→ Provided data
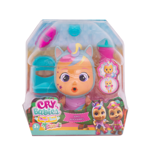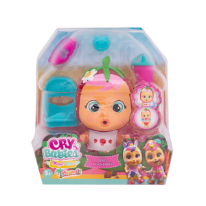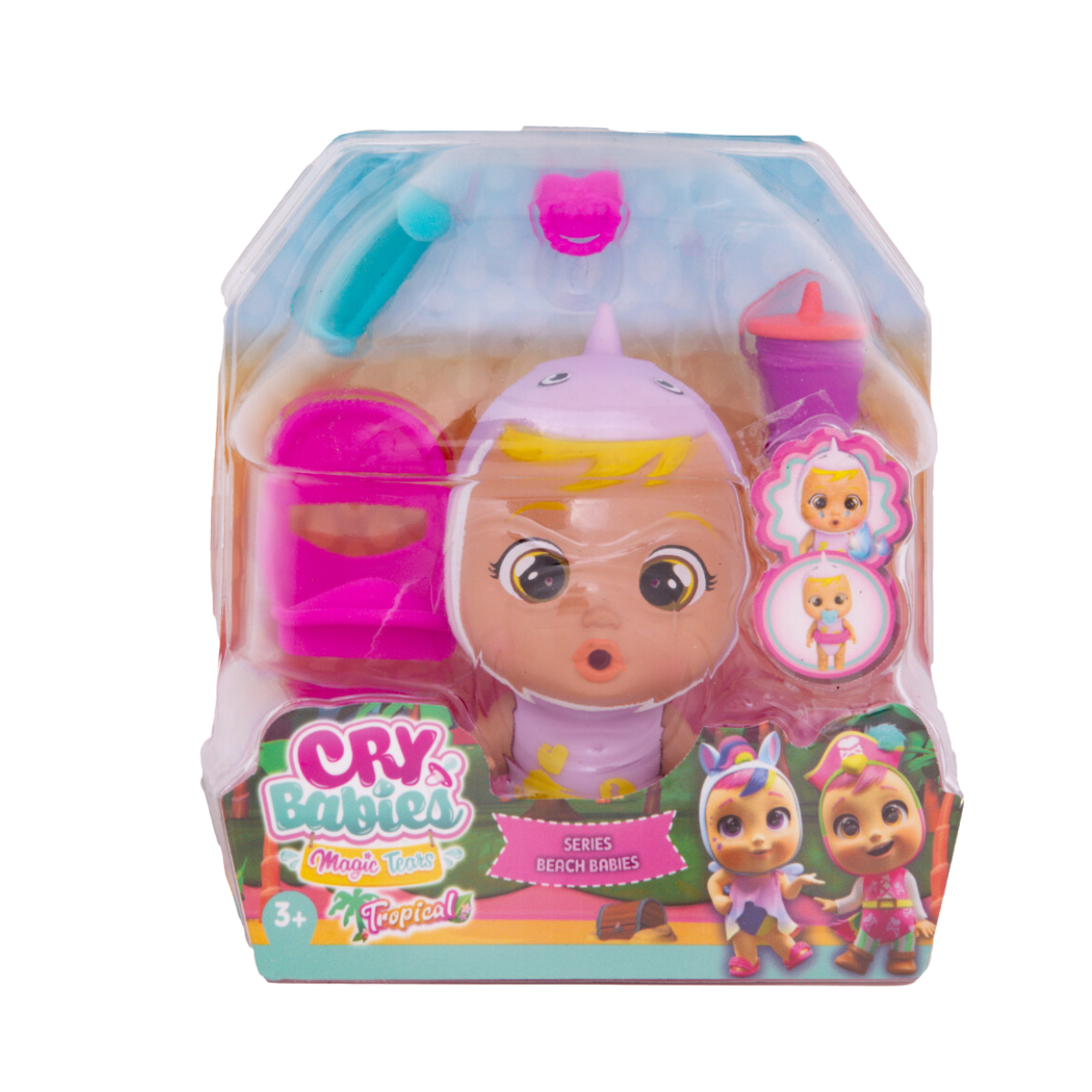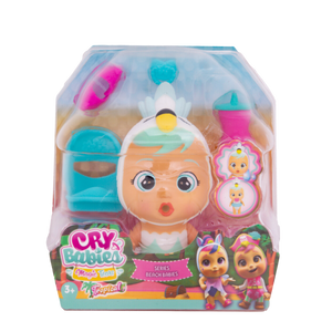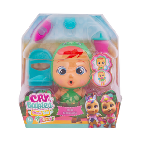 La nueva colección Beach Babies de Cry Babies Magic Tears está aquí como parte del nuevo tema Tropical World. Todos tus Cry Babies Magic Tears están vestidos y listos para ir a la playa con sus bonitos trajes de baño. ¡Hay más de 12 muñecas diferentes para coleccionar! Las cápsulas tienen forma de cabaña de playa, ábrela y descubre tu personaje misterioso ytodos los accesorios. Lloran lágrimas mágicas cuando presionas sus vientres.
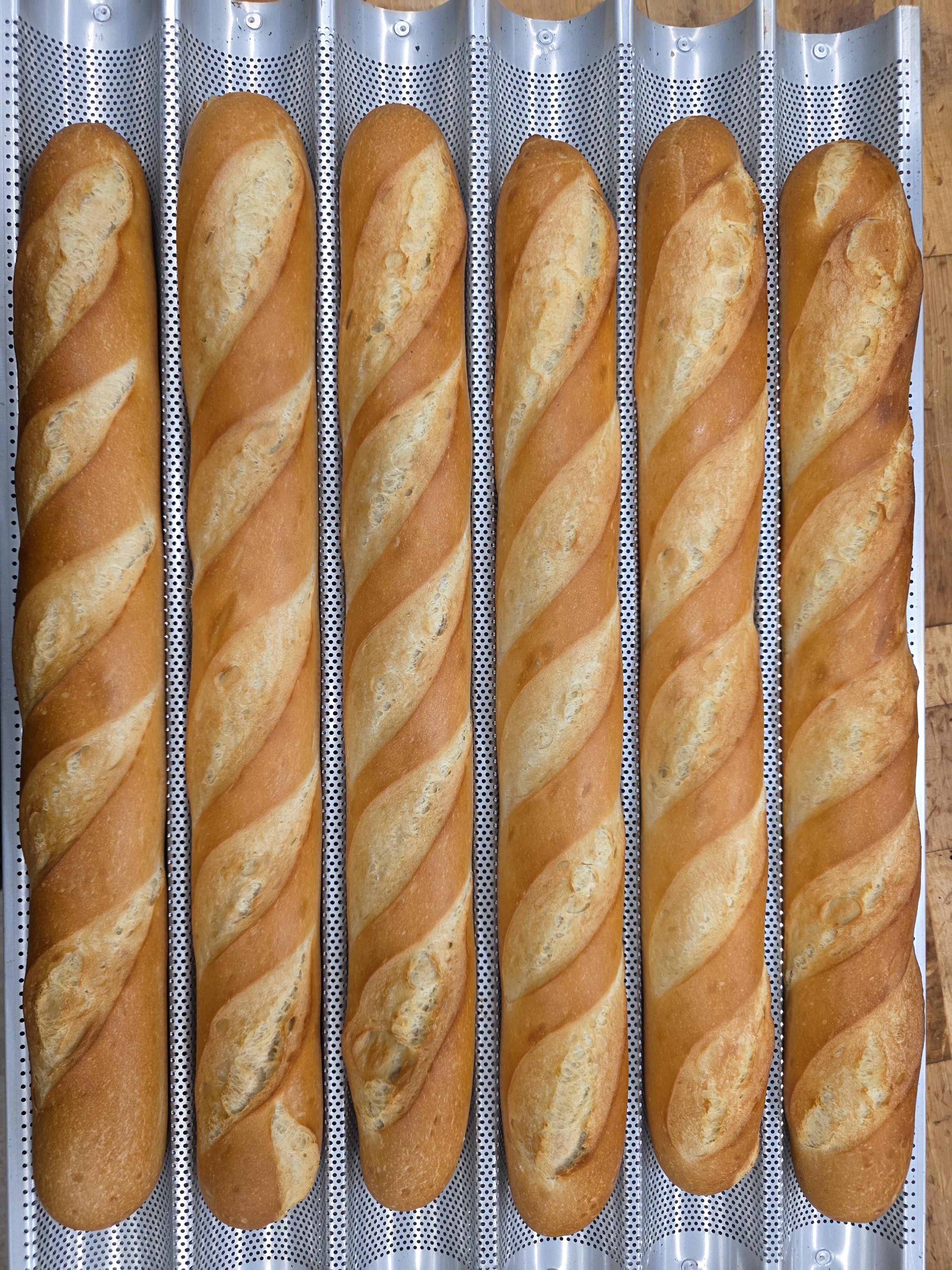 Looks a bit like French bread baguettes rather than traditional baguette, but the consistency of shape and scoring is great!
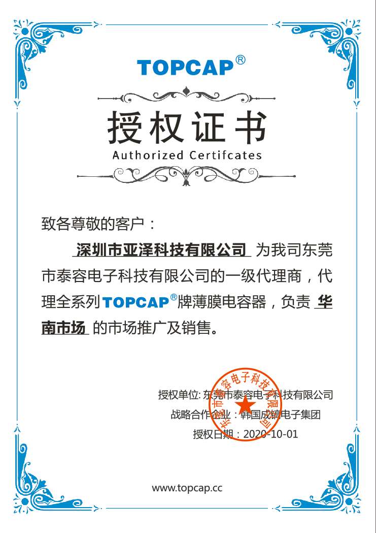 日本黑金剛(NIPPON CHEMI-CON)電容、韓國三瑩(SAMYOUNG)電容、東陽光(HEC)電容、凱美(KAMCAP)超級電容、成鎬薄膜電容、泰容薄膜電容、貝特保險管、大毅電阻、天二特殊電阻、CROWN散熱風扇等多家國內(nèi)外知名品牌一級代理及華南區(qū)域總代理授權(quán)。
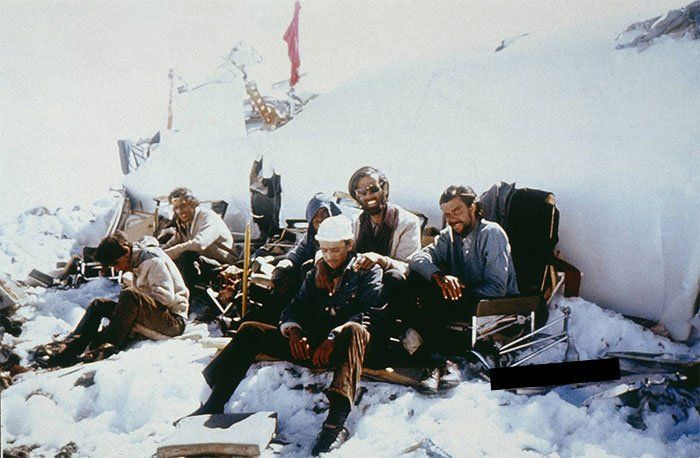 #44 Sobrevivientes del infame accidente aéreo de los Andes, en 1972. Los pasajeros tuvieron que recurrir al canibalismo para sobrevivir 72 días en la nieve

→ Directions for this task
Reproduce the material exactly. Pictures stay out.

→ Answer below
 La nueva colección Beach Babies de Cry Babies Magic Tears está aquí como parte del nuevo tema Tropical World. Todos tus Cry Babies Magic Tears están vestidos y listos para ir a la playa con sus bonitos trajes de baño. ¡Hay más de 12 muñecas diferentes para coleccionar! Las cápsulas tienen forma de cabaña de playa, ábrela y descubre tu personaje misterioso ytodos los accesorios. Lloran lágrimas mágicas cuando presionas sus vientres.
 Looks a bit like French bread baguettes rather than traditional baguette, but the consistency of shape and scoring is great!
 日本黑金剛(NIPPON CHEMI-CON)電容、韓國三瑩(SAMYOUNG)電容、東陽光(HEC)電容、凱美(KAMCAP)超級電容、成鎬薄膜電容、泰容薄膜電容、貝特保險管、大毅電阻、天二特殊電阻、CROWN散熱風扇等多家國內(nèi)外知名品牌一級代理及華南區(qū)域總代理授權(quán)。
 #44 Sobrevivientes del infame accidente aéreo de los Andes, en 1972. Los pasajeros tuvieron que recurrir al canibalismo para sobrevivir 72 días en la nieve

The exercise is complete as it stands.